Back in Switzerland at the University of Basel, Barth continued his monumental work of systematic theology called Church Dogmatics which would run to 6,000,000 words in thirteen volumes  but remain unfinished at his death. His fame as a theologian was enormous but he also encountered controversy when he adopted political positions that seemed at times pacifist and insufficiently anti-Communist.

May 3

St James the Lesser

Saint James, as “the son of Alphaeus” appears four times in Scripture in lists of the Twelve Apostles. There are, however, a number  of other appearances by a figure named James and sorting them out has been a challenge. He was clearly not James “son of Zebedee”, but was he the James “son of Mary”, or perhaps the James “brother of the Lord”, mentioned in Galatians? Catholic tradition has it that he was son of Alphaeus and Mary and brother (which is to say “cousin”) of Jesus.

James appears to have been prominent in the Christian community in Jerusalem. He met with Paul on a number of occasions and agreed with the decision that Gentile converts need not adhere to Jewish ritual law. Whether he was martyred by being thrown off the Temple and beaten with clubs or crucified in Egypt is uncertain but a club has long been used in art as his symbol. He is the patron saint of druggists and fullers (both professions use clubs), milliners, and Uruguay.

April 17

Today is Easter. In my home church of St Margaret’s Anglican in Winnipeg, and in many other churches, they are preaching this homily of St John Chrysostom as they do annually.

If any be devout and God-loving, let him enjoy this fair and radiant triumph. If any be a good and wise servant, let him enter rejoicing into the joy of his Lord. If any be weary of fasting, let him now receive his reward. If any have labored from the first hour, let him receive today his rightful due. If any have come at the third hour, let him feast with thankfulness. If any have arrived at the sixth hour, let him in no wise be in doubt, for in no wise shall he suffer loss. If any be delayed even until the ninth hour, let him draw near, doubting nothing, fearing nothing. If any have tarried even until the eleventh hour, let him not be fearful on account of his lateness; for the Master, Who is jealous of His honor, receiveth the last even as the first. He giveth rest to him that cometh at the eleventh hour, as well as to him that hath labored from the first hour; and to the last He is merciful, and the first He pleaseth; to the one He giveth, and to the other He bestoweth; and He receiveth the works, and welcometh the intention; and the deed He honoureth, and the offering He praiseth. Wherefore, then, enter ye all into the joy of your Lord; both the first and the second, receive ye your reward. Ye rich and ye poor, with one another exult.

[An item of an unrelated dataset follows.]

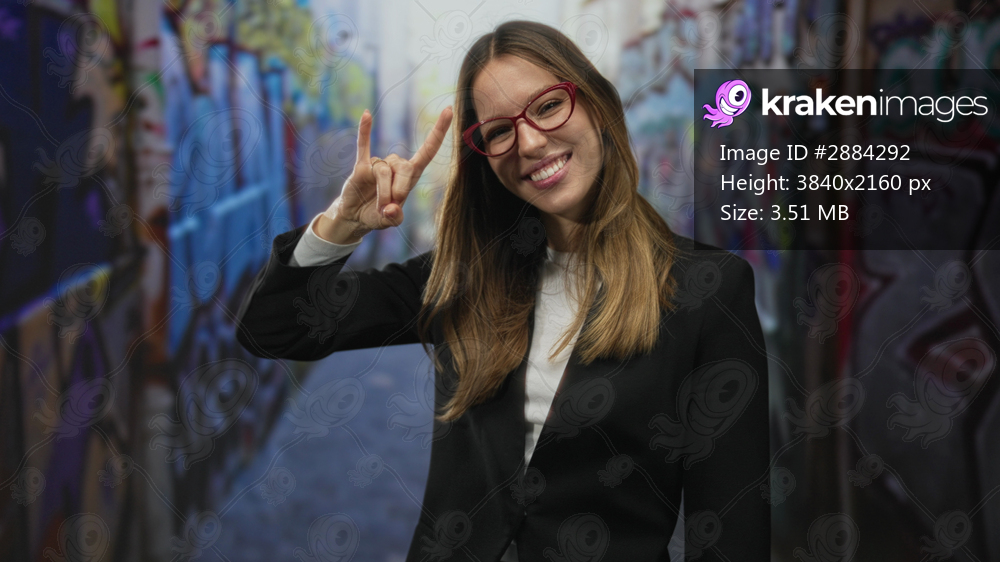 Young woman smiling and making rock horns with her hand while wearing red glasses in a graffiti street alley; playful confidence.
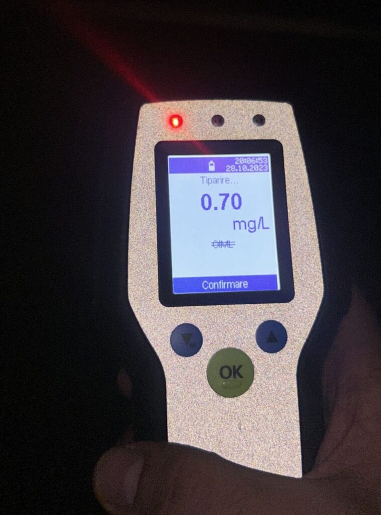 Întrucât conducătorul auto emana halenă alcoolică, polițiștii au procedat la testarea acestuia cu aparatul etilotest, rezultând o concentrație alcoolică de 0,70 mg/l alcool pur în aerul expirat.

Ye sober and ye slothful, honor the day. Ye that have kept the fast and ye that have not, be glad today. The table is full-laden, delight ye all. The calf is fatted; let none go forth hungry. Let all enjoy the feast of faith, receive all ye the riches of goodness. Let no one bewail his poverty, for the universal kingdom hath been revealed. Let no one weep for his transgressions, for forgiveness hath dawned from the tomb. Let no one fear death, for the death of the Saviour hath set us free. He hath quench by it, He hath led hades captive, He Who descended into hades. He embittered it, when it tasted of His flesh. And foretelling this, Isaiah cried: “Hades,” he saith, “was embittered when it encountered Thee below.” It was embittered, for it was abolished. It was embittered, for it was mocked. It was embittered, for it was slain. It was embittered, for it was overthrown. It was embittered, for it was fettered. It received a body and encountered God. It received earth, and met heaven. It received that which it saw, and fell to what it did not see. O death, where is thy sting? O hades, where is thy victory?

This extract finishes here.